- [Activity]
Copy each record exactly as it reads, leaving out any pictures it holds.

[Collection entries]

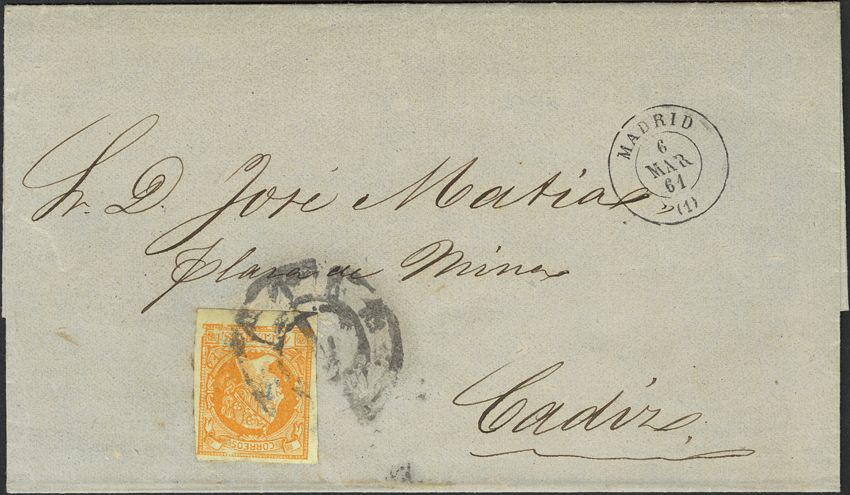 52. 1860. 4 cuartos yellow. MADRID to CADIZ. Postmark R. CARRETA Nº 1. MAGNIFICENT.
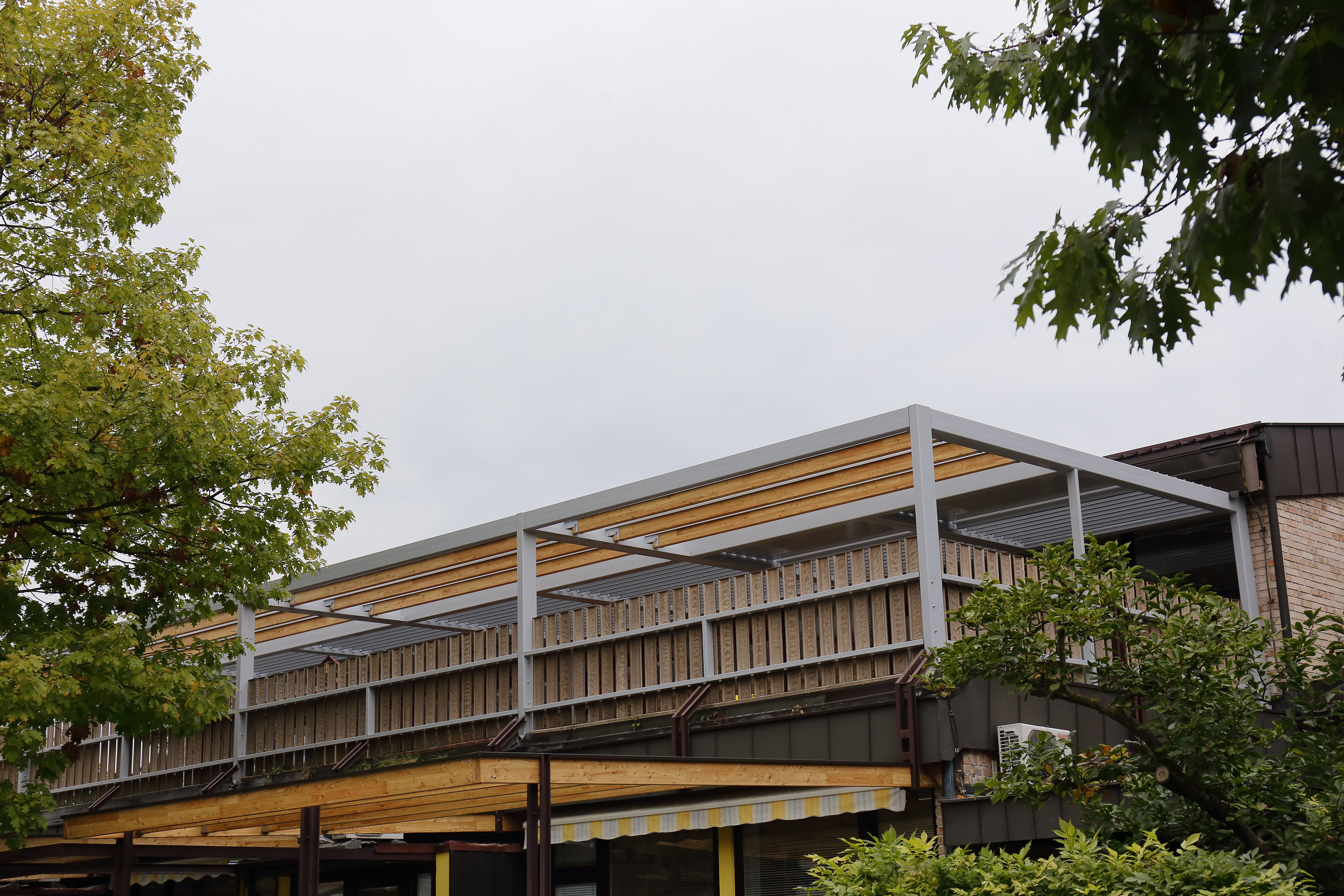 Die dynamische Fassade mit motorisierten Faltpaneelen von Soltec verbindet elegantes Design mit effektiver Verschattung, Privatsphäre und moderner Ästhetik. Die Paneele aus stranggepresstem Aluminium mit Holzdekor öffnen sich geräuschlos bis zu 180° mithilfe von Linearmotoren und ermöglichen so eine flexible Steuerung von Licht, Wärme und Sichtschutz.
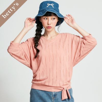 betty’s貝蒂思 立體壓花後腰抽繩短袖T-shirt (黑色)$1,341
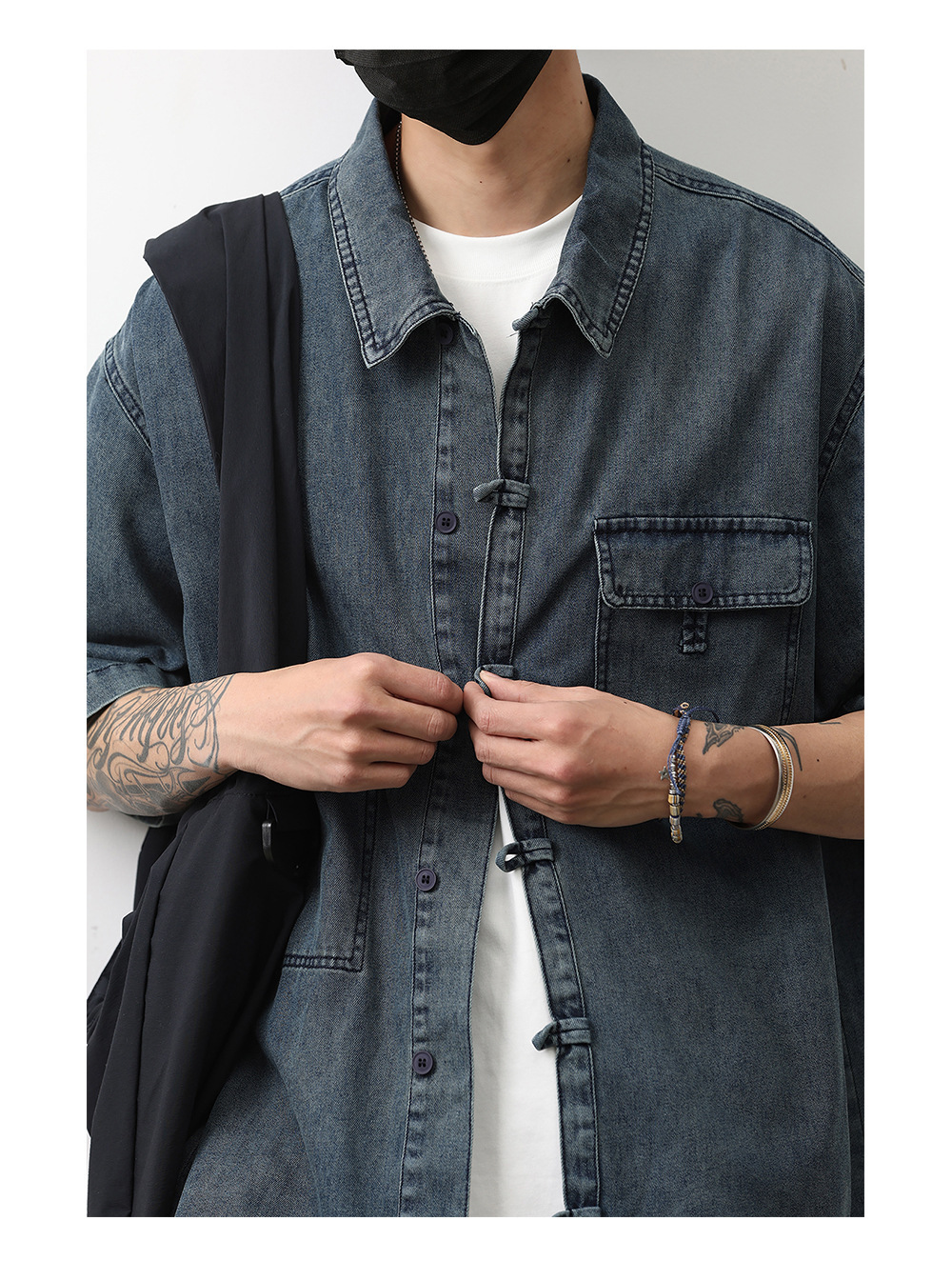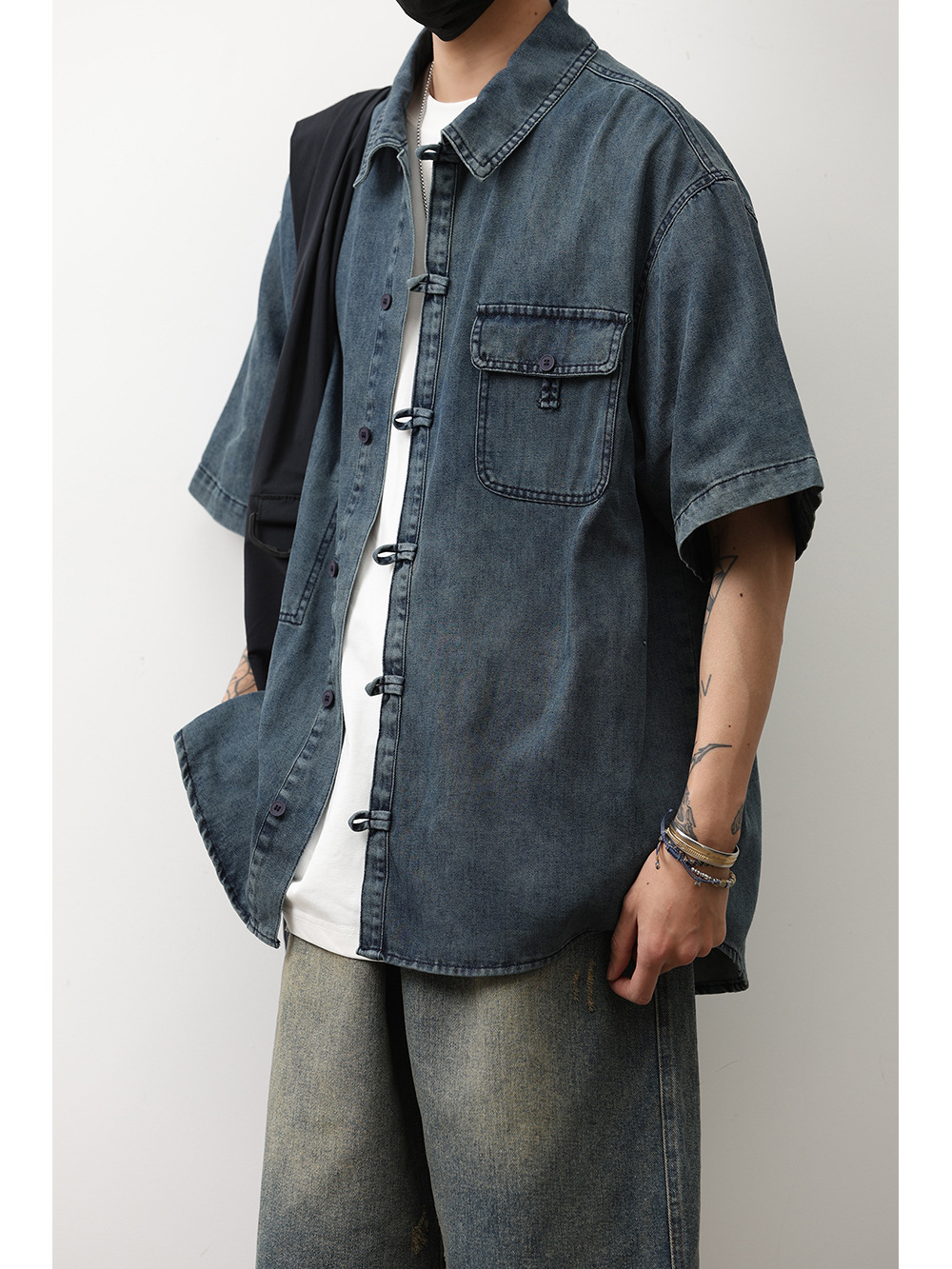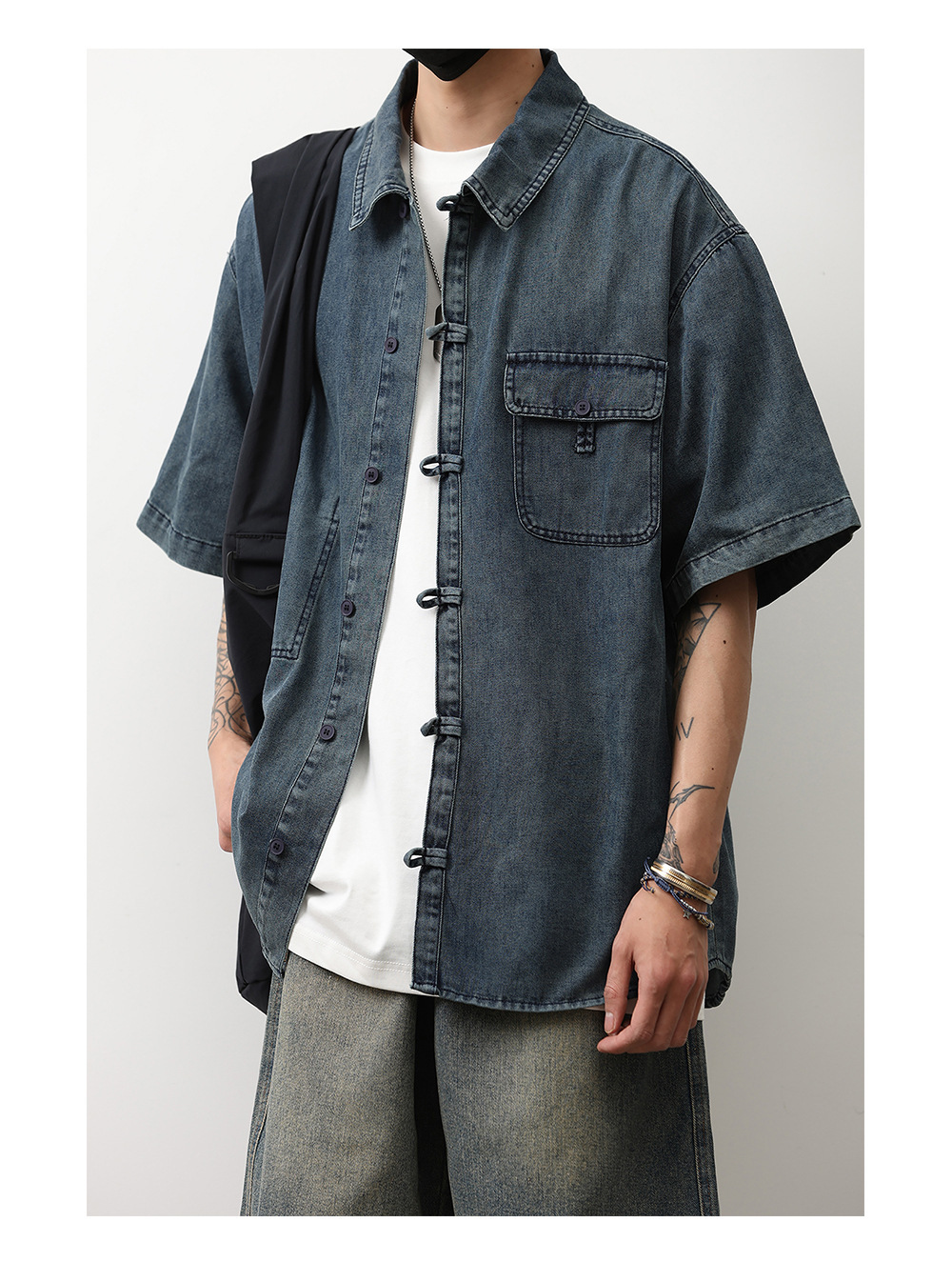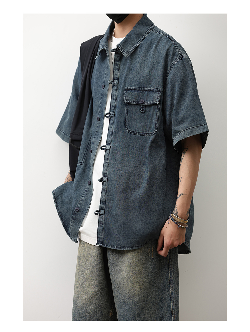 데님 반팔 셔츠 여름 새로운 중국 틈새 디자인 센스 버클 다크 블루 셔츠 남성 국가 스타일 코트 트렌드스토어 가기
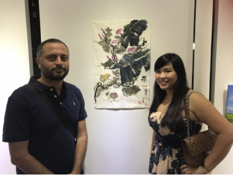 来自新加坡的马来族艺术家Suhat Sugiyou与女儿在自己创作的表达生命诞生的作品前留影
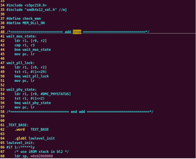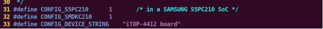 本小节修改的内容可参考uboot视频(ITOP-4412开发板视频教程\05-迅为电子uboot视频教程\10-uboot启动分析),回到源码顶层目录,打开cpu/arm_cortexa9/s5pc210/cpu_init.S,在31行添加如下内容:

- [Output of the task]
 52. 1860. 4 cuartos yellow. MADRID to CADIZ. Postmark R. CARRETA Nº 1. MAGNIFICENT.
 Die dynamische Fassade mit motorisierten Faltpaneelen von Soltec verbindet elegantes Design mit effektiver Verschattung, Privatsphäre und moderner Ästhetik. Die Paneele aus stranggepresstem Aluminium mit Holzdekor öffnen sich geräuschlos bis zu 180° mithilfe von Linearmotoren und ermöglichen so eine flexible Steuerung von Licht, Wärme und Sichtschutz.
 betty’s貝蒂思 立體壓花後腰抽繩短袖T-shirt (黑色)$1,341
 데님 반팔 셔츠 여름 새로운 중국 틈새 디자인 센스 버클 다크 블루 셔츠 남성 국가 스타일 코트 트렌드스토어 가기
 来自新加坡的马来族艺术家Suhat Sugiyou与女儿在自己创作的表达生命诞生的作品前留影
 本小节修改的内容可参考uboot视频(ITOP-4412开发板视频教程\05-迅为电子uboot视频教程\10-uboot启动分析),回到源码顶层目录,打开cpu/arm_cortexa9/s5pc210/cpu_init.S,在31行添加如下内容:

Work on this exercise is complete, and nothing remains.